I didn't really get to know Dale until I worked with him but I'd known who he was since I was a kid. My mom worked at a small junior college and she would check out movies from Lawson McGhee to show in her classes. When it was time to return them she would often pull up to the library entrance and send me inside while she made the block. "Take this upstairs to the second floor and tell Mr. Watermulder that it's a return from Dixie Hall at Draughons Junior College" she would tell me. And I would dutifully carry the film case upstairs and return it to Dale. Or Becky. Or Amy. All of whom I would work with years later. In some small way it felt like working with family, because they all remembered me from my days as a pint-sized courier. Plus, by the time I joined the department most of the staff had been working together for years so they acted like a family. There was a refreshing lack of pretense. None of us were really morning people and so, for the first hour or so each morning, we kept quiet and stayed out of each other's ways. Nobody minded if you weren't a bright-eyed, bushy-tailed ray of sunshine at the start of the day; if you just wanted to quietly go about your work until you thawed out that was alright. I assimilated quickly and felt comfortable and at home in that environment. I actually looked forward to work, which was an absolute revelation for me at the time.
Of course that had a lot to do with the nature of our work as well. As head of the department Dale cultivated and curated our collection of movies and music. We provided the public with what they wanted and all the most popular titles were readily available but we also provided materials that were more obscure, more offbeat and random. Dale's knowledge of cinema was vast and varied (and his knowledge of music - classical, in particular - was even more impressive) but he was never snobbish about it. And, this is something I loved so much about him, he wanted to know what we were interested in as well. He listened to our recommendations and suggestions and he took them seriously. Despite his enormous wealth of knowledge he was always keen to learn about new things. Working with him felt like a collaborative process with the single goal of getting the biggest, best assortment of material to the public that we possibly could. It felt great to be a part of something like that, even if it was only for such a short amount of time.

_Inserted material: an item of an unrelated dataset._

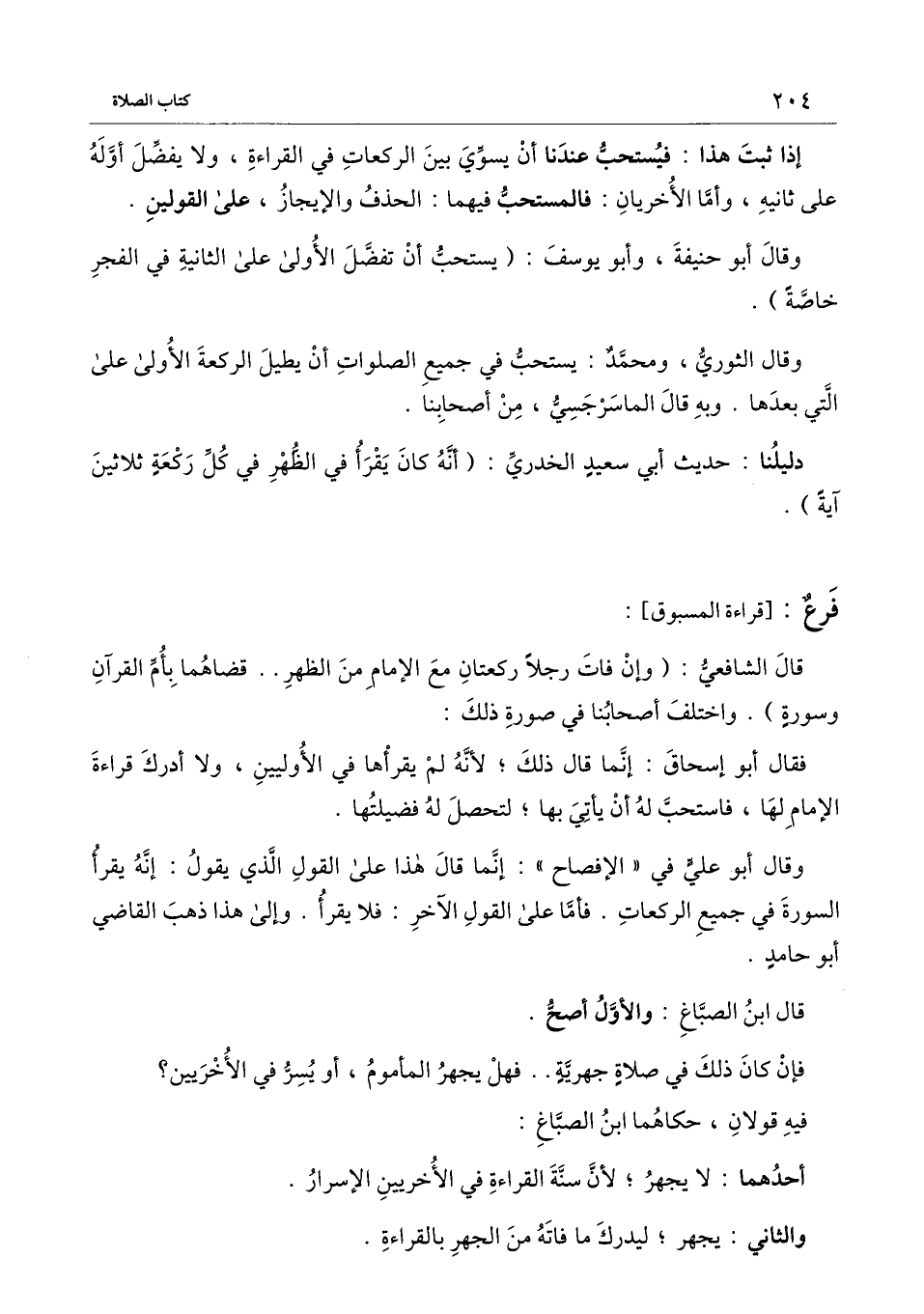 وقال الثوري، ومحمد: يستحب في جميع الصلوات أن يطيل الركعة الأولى على التي بعدها. وبه قال الماسرجسي، من أصحابنا.
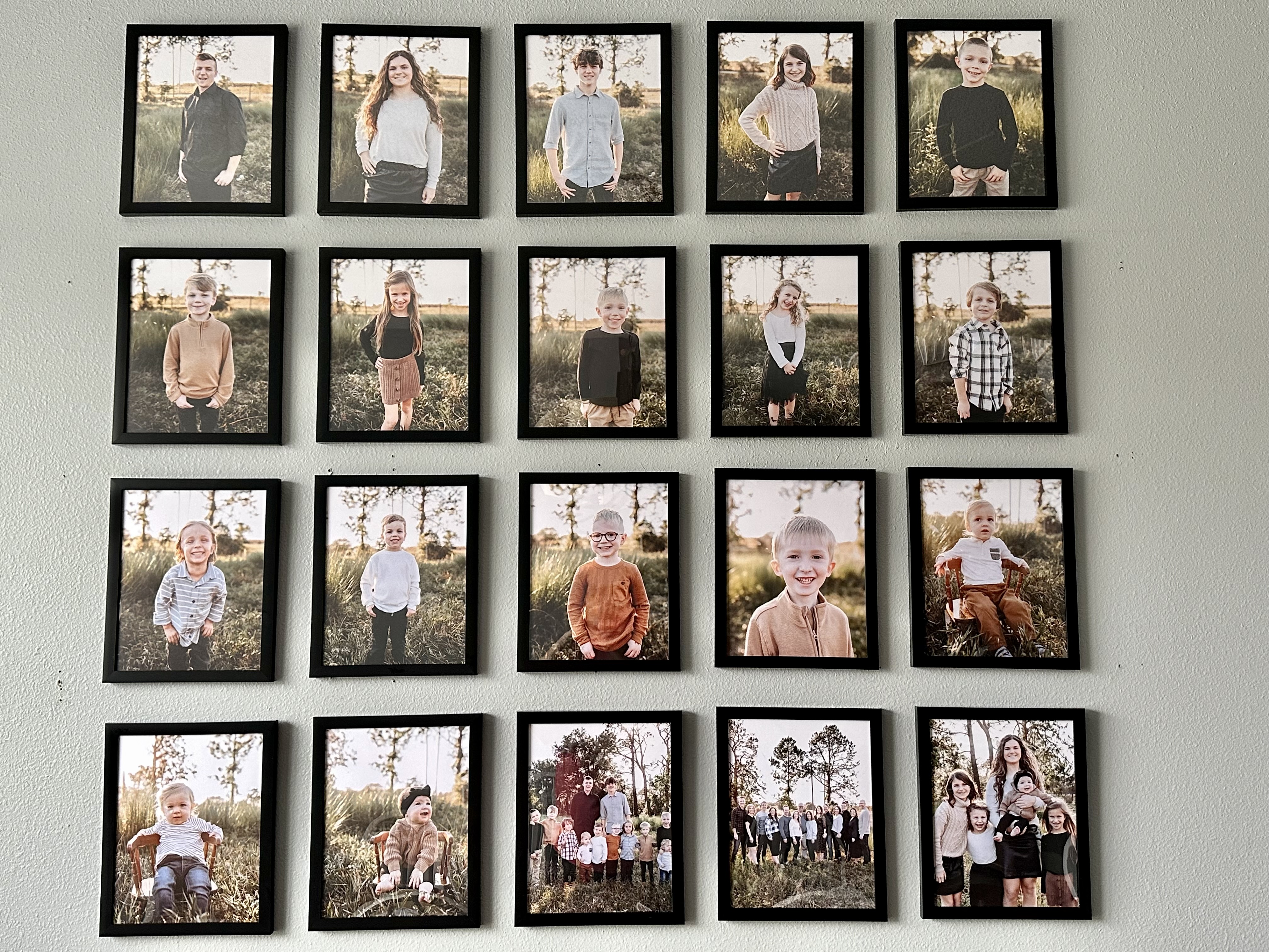 Eleven months later, we finally put up a collage of our grands. All seventeen of them. We evened out the setting with a picture of all the girls, all the boys, and all the couples.

After Dale retired from the library system he would occasionally call me up and we would go to lunch. After we'd decided on a place to eat and exchanged pleasantries he'd always ask "So, what have you seen lately?" He'd get out his little notebook and write down most or all of the titles I'd mention to him. Then he'd tell me what he'd been watching. His recommendations were great. I began my love affair with Hayao Miyazaki after Dale talked him up. I watched The Lady Eve after he suggested it (and I adored it). When I made some remark about loving Hannibal Lecter Dale told me to watch Henry, Portrait of a Serial Killer for contrast because it wasn't an entertaining movie (and maybe such gruesome subject matter shouldn't always be entertaining). He really liked Nicole Kidman and I did too so we talked about her work and her all-around fabulousness on more than one occasion. He was upfront about what he disliked as well. I adored The Umbrellas of Cherbourg but he couldn't get past the amateurish singing. He adored Fred Astaire (Swing Time is a title I remember him bringing up several times) but didn't care for Gene Kelly's more robust, athletic style of dancing. I liked The Song of Bernadette but he thought Jennifer Jones was a great big bore. Even when we disagreed it just felt great to engage with someone who knew so much about movies.
There are other little things that I remember. Insignificant things that I found so endearing. He would wear turtlenecks under cableknit sweaters, most of which were so well-worn that they'd started to unravel at the seams ("We're pretty casual around here" he told me during my orientation). He once told me, after I'd dropped to my knees to reshelve an item and then quickly stood back up, that I looked like Alice in Wonderland growing smaller and then larger by the minute. He never forgot anybody's birthday and brought in a nice cake for the department to share each and every time. He gave us cocoa at Christmas. There was never much fanfare but that made all the gestures seem even more genuine.
I'll occasionally have this dumb daydream about how fun it would be to co-host a movie series on television with Dale, like Robert Osborne and Drew Barrymore (or Rose McGowan before her) do on The Essentials on TCM. It's silly but I sort of wish I'd told him about it. I think he would've been amused. Though it had been a few years since our last lunch date I thought of Dale often. I imagine I'll continue to think of him often. I didn't know him very well for a very long period of time but he had an enormous impact on me. He was one of my very favorite people in the world and I am so, so sorry that Knoxville has lost such a vibrant, extraordinary presence. But we are better off for having benefitted from his kindness and his generosity for the years that he was with us.